With a click I turn it off. I feel like I have a snake in my hands and if I let go, it’ll bite me.
“Now sight along the length of the barrel. Try for the bag in the closest tree. Hold it steady, and when you’re ready, ease on the trigger.”
I look down the long, dark shaft of metal at the bag hanging in the tree. It is a hundred feet away. I gaze at it until the sweat drips in my eyes. The b
ag hardly moves but it seems impossible to hit.
Red clears his throat. “Any time now, Terra.”
How long have I been standing here? I can do this. I am still alive after the past few days, and I can do anything. I take one last look at the bag, then close my eyes.
The force of the shot knocks me backward and Red scrambles away. As soon as I realize I’m not shot, I let go of the gun and lie with my eyes shut, listening to my heart race.
“You okay?”
I see Red’s shadow through my red eyelids. I put my hands over my face. My shoulder aches, but I nod.

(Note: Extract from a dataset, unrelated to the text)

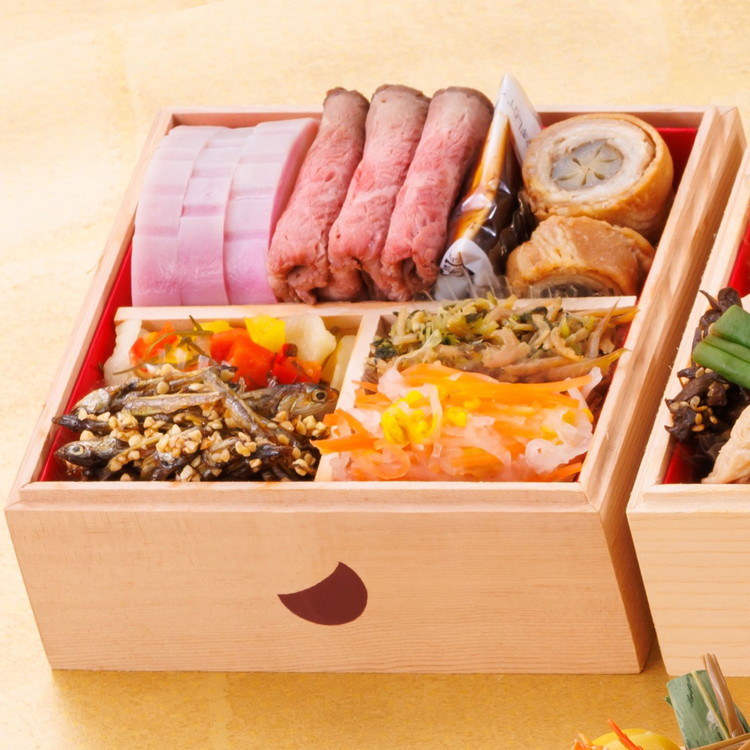 山形出身の店主、佐藤弘治氏が監修し、素材の味を大切にしながら彩り豊かに詰め合わせた豪華なおせちです。変則五段重のお重もユニーク。

“Then next time why don’t you try keeping your eyes open?”
Next time? Surely there won’t be a next time?
“You can’t hope to hit anything if you don’t open your eyes. Best as I can figure, that bullet made it all the way to the Sound.”
I laugh then, and when Red realizes I’m not insane, he joins in. “Maybe next time you could try a hand gun. A bit easier to manage.”
A gun in any form will be torture, but easier to manage would definitely be an improvement. I just hope I don’t have to use it tomorrow.